Ex-Employee Drama: Responding to the Tantrum

I let an employee go about a month ago.  She was underperforming, largely due to the fact that she was spending all of her time engaging in personal conversations rather than productive work.  Now I am hearing that she is gossiping about my office and the reasons for her termination to everyone, including current employees, suppliers, and reps. Any ideas on what I should do next? I’ve thought about contacting her or contacting an attorney, but maybe I should just let it go.

I would not give this employee any more energy unless you have a very specific issue you need to address.  CEDR deals with employee issues all of the time, and out of the hundreds of thousands of issues that come through our Solution Center, this one comes up quite often.

Start with the understanding that it is generally unlawful to forbid current employees from speaking with ex-employees.[1] While we know how uncomfortable it may make you feel to hear that this former employee continues to attend the weekly office happy hour, or is in touch with current employees, your ability to stop this from happening is limited.

The most proactive way you can deal with the issue is to create buy-in from your current team.  In fact, anytime you let someone go, it is usually appropriate to meet with the team and fill them in on the appropriate details. Be honest. Start with your own attitude – don’t pretend nothing happened, but also take steps to put it behind you.  You may say to the team: “It’s never easy for us to let someone go. It is always a difficult decision, and, in this case, we gave it careful consideration. We now need to focus on our responsibility to all of you, to this business, and to our patients.”
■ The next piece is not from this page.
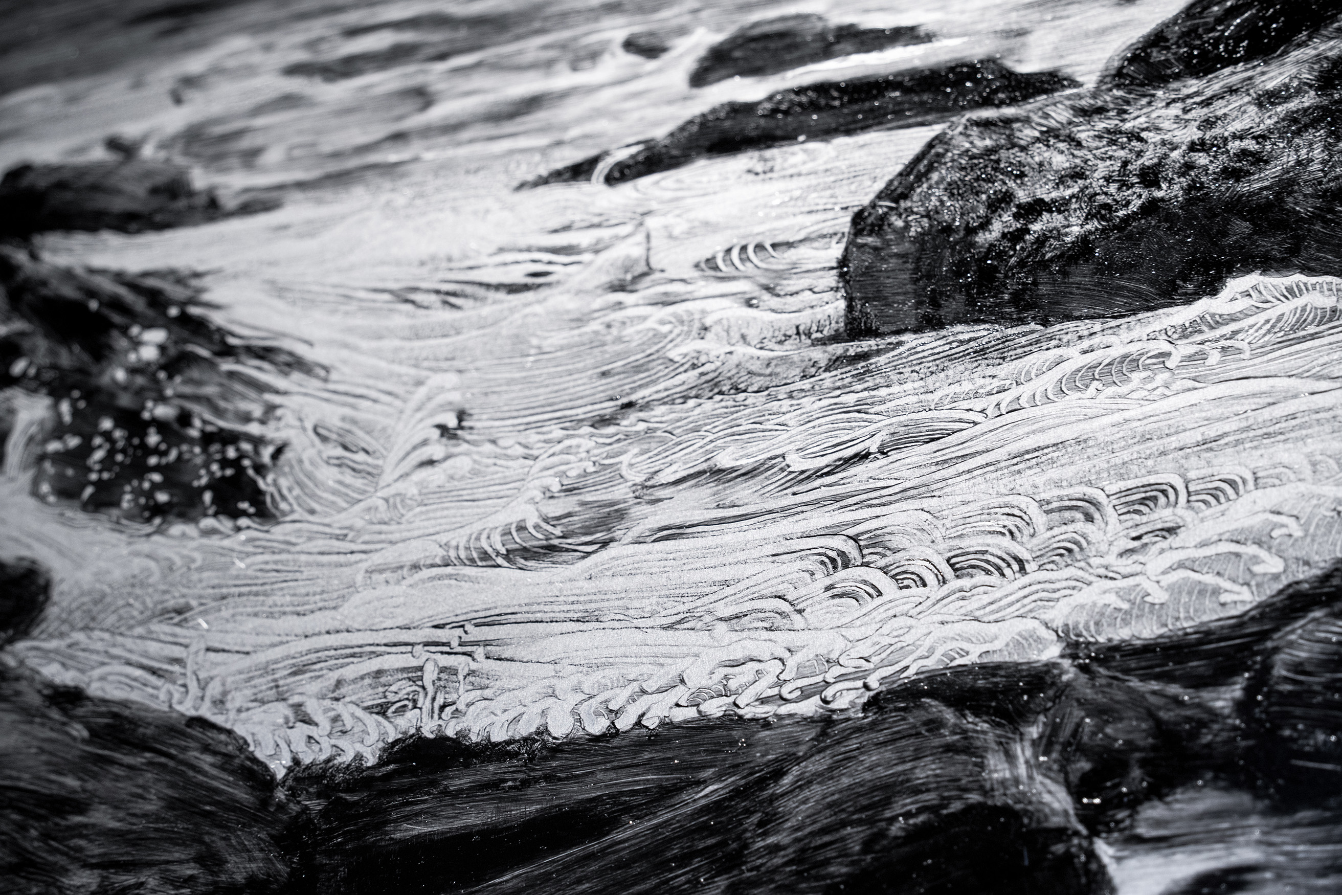 私はその性質を絵画の中に引き寄せるため、工業的で均質なアルミニウムを支持体として選んでいる。

The way you handle both the termination and the aftermath sets the tone for how you expect your employees to treat the event.  It is not going to be productive to speak negatively, or engage in negative conversation, about this person after she is gone.  What will get you the outcome you want is to pull your remaining team close and refocus their efforts on the work they are doing.

Sometimes, however, the method outlined above is simply not enough.  There are certain scenarios where taking additional steps may be appropriate.  For instance, all CEDR members receive a Confidentiality and Non-Disclosure Agreement (CNDA), which protects certain confidential information like pricing lists and patient names.  Many of these items are also protected by HIPAA.  If you become aware of either a HIPAA violation or a violation of your CNDA (which is very limited), you’ll likely need to address that behavior.  In other scenarios, you may become aware that this employee is pursuing legal action against you, in which case, you will want to seek local counsel.  However, if you are wanting to take action to simply stop a former employee from speaking with current employees or are thinking about pursuing a long-shot defamation claim, your time and energy are probably best spent on other things.

Trust me, the other employees know she’s a mess. Let it go for a bit more and see if the ex-employee will get exhausted, like a child throwing a tantrum in a grocery store. Sooner or later the ex-employee is going to notice that people do not care for the screaming and the antics. Take away your energy from it, and the other person will burn out.

[1]29 U.S.C. §157 (also known as the National Labor Relations Act) protects employees’ rights to engage in “protected concerted activity,” which includes discussions about wages, duties, and the like. Many state laws, including but not limited to California, Colorado, Illinois, and Nevada, prohibit employers from taking adverse action against employees for engaging in lawful off-duty activities.

Sep 11, 2018

Friendly Disclaimer: This information is general in nature and is not intended to provide legal advice or replace individual guidance about a specific issue with an attorney or HR expert. The information on this page is general human resources guidance based on applicable local, state and/or federal U.S. employment law that is believed to be current as of the date of publication. Note that CEDR is not a law firm, and as the law is always changing, you should consult with a qualified attorney or HR expert who is familiar with all of the facts of your situation before making a decision about any human resources or employment law matter.